Diminishing Returns
The project:
The influence of asset managers and private equity firms stretches across the globe and into the very foundations of our societies. Diminishing Returns takes a close look at what happens when your elderly parents’ retirement home, the nursery where you drop your children, or the company that pipes water into your kitchen is taken over by an increasingly intricate and deregulated industry, and profiles the hidden figures who are reshaping our economies and our lives.
From Diminishing Returns:
Nils Jansson was a strange business partner for Blackstone, the largest commercial landlord in history, given that they preferred to be regarded as a careful steward of pension pots rather than an impulsive Monopoly man. The entire population of Denmark is just over half the size of London, and its real-estate industry is dominated by a tight-knit group of professionals with august credentials. Jansson was an outsider. He came from Holbæk, a hefty harbor town, and studied farming at agricultural college in the early 2000s. He worked for a catering company and then as a manager in a construction firm, finding himself in Copenhagen during the biggest financial boom of the 21st century. Jansson had a hustling, enthusiastic energy, which earned him the nickname “Speedy.” “In the olden days,” said one property investor who used to work with him, “we used to say he could charm a cow out of a flower field.”
Real estate finance can be complicated. What Jansson did was simple. Before the financial crisis, he bought properties from a group of investors who sold buildings to one another at vastly inflated prices. Jansson would buy rundown buildings—“some old crap” as he once put it—then renovate them and sell them on. Eik Bank, a Faroese bank with branches in Denmark, gave Jansson huge loans to buy properties on the basis it would receive a bonus once they were sold. This was legal but extremely risky. The loan depended on the value of properties continuing to rise, while the bonus was a seductive promise that gave bankers an incentive to overlook risk.
Jansson became a big customer at Eik Bank. When the real estate market slowed down in 2009 and the banks stopped lending him money, Jansson went bankrupt.
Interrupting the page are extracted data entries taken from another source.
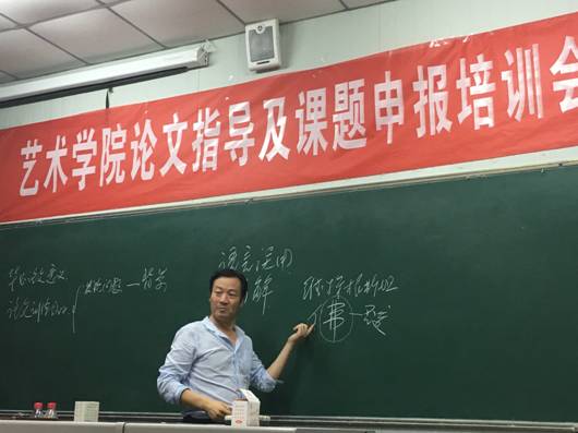 雷升录副院长从“毕业论文的意义,毕业论文对学生的训练目的,评价论文的标准”三个方面进行阐述。他指出,毕业论文代表专业领域独立研究成果,必须要有独特的艺术视角;毕业论文选题关乎论文质量和水平,必须要有缜密、清楚、严肃的逻辑思维,不能选择逻辑不通顺的伪命题以及过分夸大的选题;毕业论文反映当代大学生综合能力水平,必须要有国际视野,拓宽知识视野,切忌“闭门造车”、“坐井观天”。会上雷升录副院长还就往届学生在毕业论文设计方面出现的问题与不足提出了意见建议,希望教师能认真对待辅导论文工作,合理安排时间,加强与学生交流沟通,指导学生按时完成各阶段的写作任务。
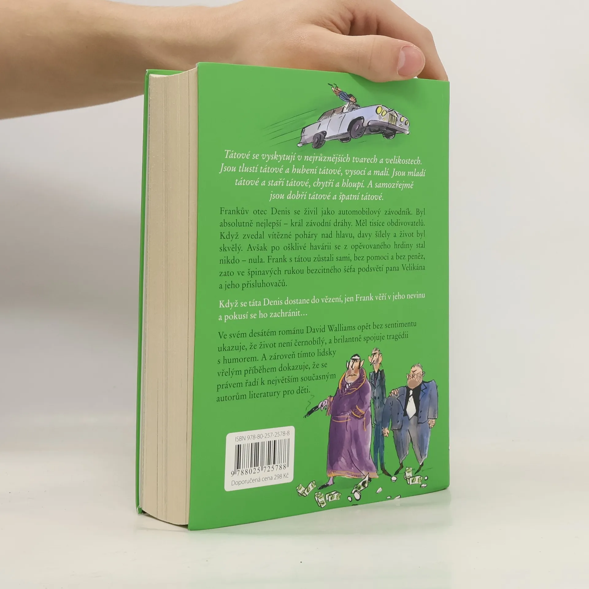 Ve svém desátém románu David Walliams opět bez sentimentu ukazuje, že život není jen černobílý, a se samozřejmostí sobě vlastní brilantně spojuje tragédii s humorem. Frankův otec Denis se živil jako automobilový závodník. Byl absolutně nejlepší – král závodní dráhy. Měl tisíce obdivovatelů. Když zvedal vítězné poháry nad hlavu, davy šílely a život byl skvělý. Avšak po ošklivé havárii se z opěvovaného hrdiny stál nikdo – nula. Frank s tátou zůstali sami, bez pomoci a bez peněz, zato ve špinavých rukou nebezpečného a bezcitného šéfa podsvětí pana Velikána a jeho přisluhovačů. Když se táta Denis dostane do vězení, jen Frank věří v jeho nevinu a pokusí se ho zachránit…
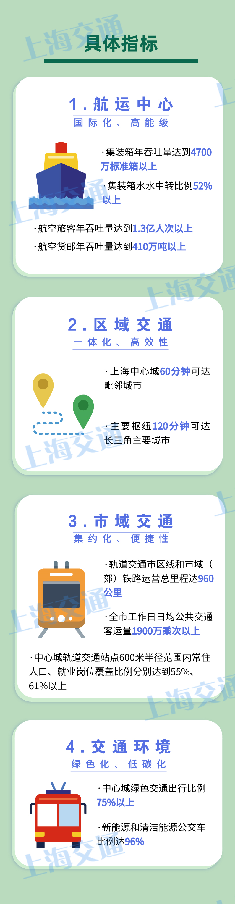 发展目标是:打造“立体融合、人本生态、智慧高效”的高质量、现代化综合交通体系,实现国际航运中心世界一流,区域一体化交通互联互通水平全国领先,综合运输服务品质一流,交通治理能力全面现代化。
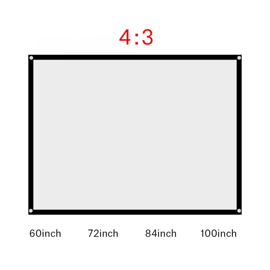 Вариант (Диагональ) Размер (длина * ширина) 60 дюймов 122*91 см/48*35,8 дюйма 72in 146*110 см/57,5*43,3 дюйма 84 дюйма 171*128 см/67,3 * 50.4in 100 дюймов 203*152 см/79,9*59,8 дюйма
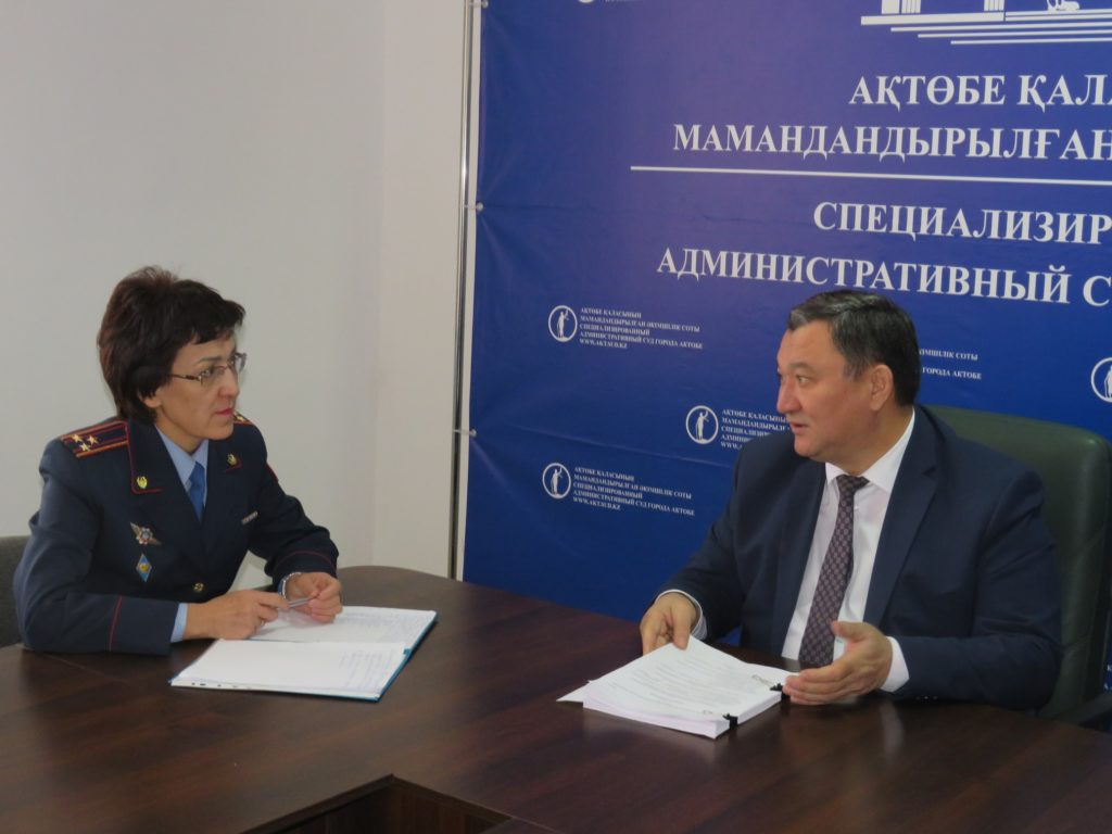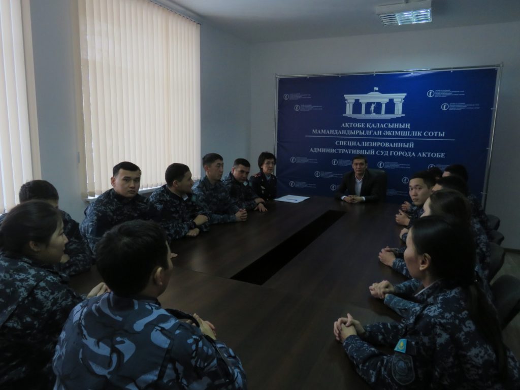 Ақтөбе қаласының мамандандырылған әкімшілік сотының практикалық қызметімен тікелей танысу, практикалық-бағдарлы оқыту деңгейін арттыру және кәсіби құзыреттілігін қалыптастыру мақсатында 2019 жылғы 26 қарашадағы Қазақстан Республикасы ІІМ М. Бөкенбаев атындағы Ақтөбе заң институтының ӘҚжІІОӘҚ кафедрасының оқытушысы полиция майоры В.В.Хасанова “Кәсіби дайындық” пәні бойынша арнайы бастапқы оқыту курсының 5-взвод тыңдаушылары үшін тәжірибелік шығу сабағын өткізді.

One year later, Eik Bank declared insolvency and was taken over by the state. After the crash, Jansson mostly disappeared from public view. He moved on to a farm and acquired a herd of cattle. He told a journalist that he spent most of his time digging ditches and had no plans to ever start trading real estate again. Among those who had followed the story, “Speedy” was emblematic of the risks and excesses that had caused Denmark’s financial crisis.
Blackstone’s decision to partner with Jansson was like Lloyds of London moving to the US and deciding to go into business with a bankrupt farmer.
From Hettie O'Brien's previous reportage for the Guardian, "The Blackstone rebellion: how one country took on the world’s biggest commercial landlord," September 29, 2022.
The grant jury: In swift-moving, lucid prose, Hettie O’Brien makes exceedingly complex financial arrangements not just intelligible, but riveting. She marshals an impressive trove of international research, including hard-won interviews with notoriously elusive financiers, to reveal who is pulling the strings of society, and how. With O’Brien’s eye for a telling quote and gifts of characterization, Diminishing Returns will be an animated and momentous contribution to the ongoing debate about what we can rightly expect from government; it asks, cogently, whom it shields and whom it abandons.
Hettie O'Brien is an Assistant Opinion Editor at the Guardian and a contributing writer to the Guardian Long Read. She has previously worked for the New Statesman, where she covered economic and social affairs, and as a reporter in Washington, DC, covering corporate monopolies and the Federal Trade Commission. Before becoming a journalist, she worked as a researcher for Rethinking Economics. She has written about economics, politics, and culture for The Times Literary Supplement, The Baffler, The Atlantic, and The Architectural Review, has contributed to radio, including the BBC World at One, and has chaired panels at the Design Museum and Royal Society of Arts. She lives in London.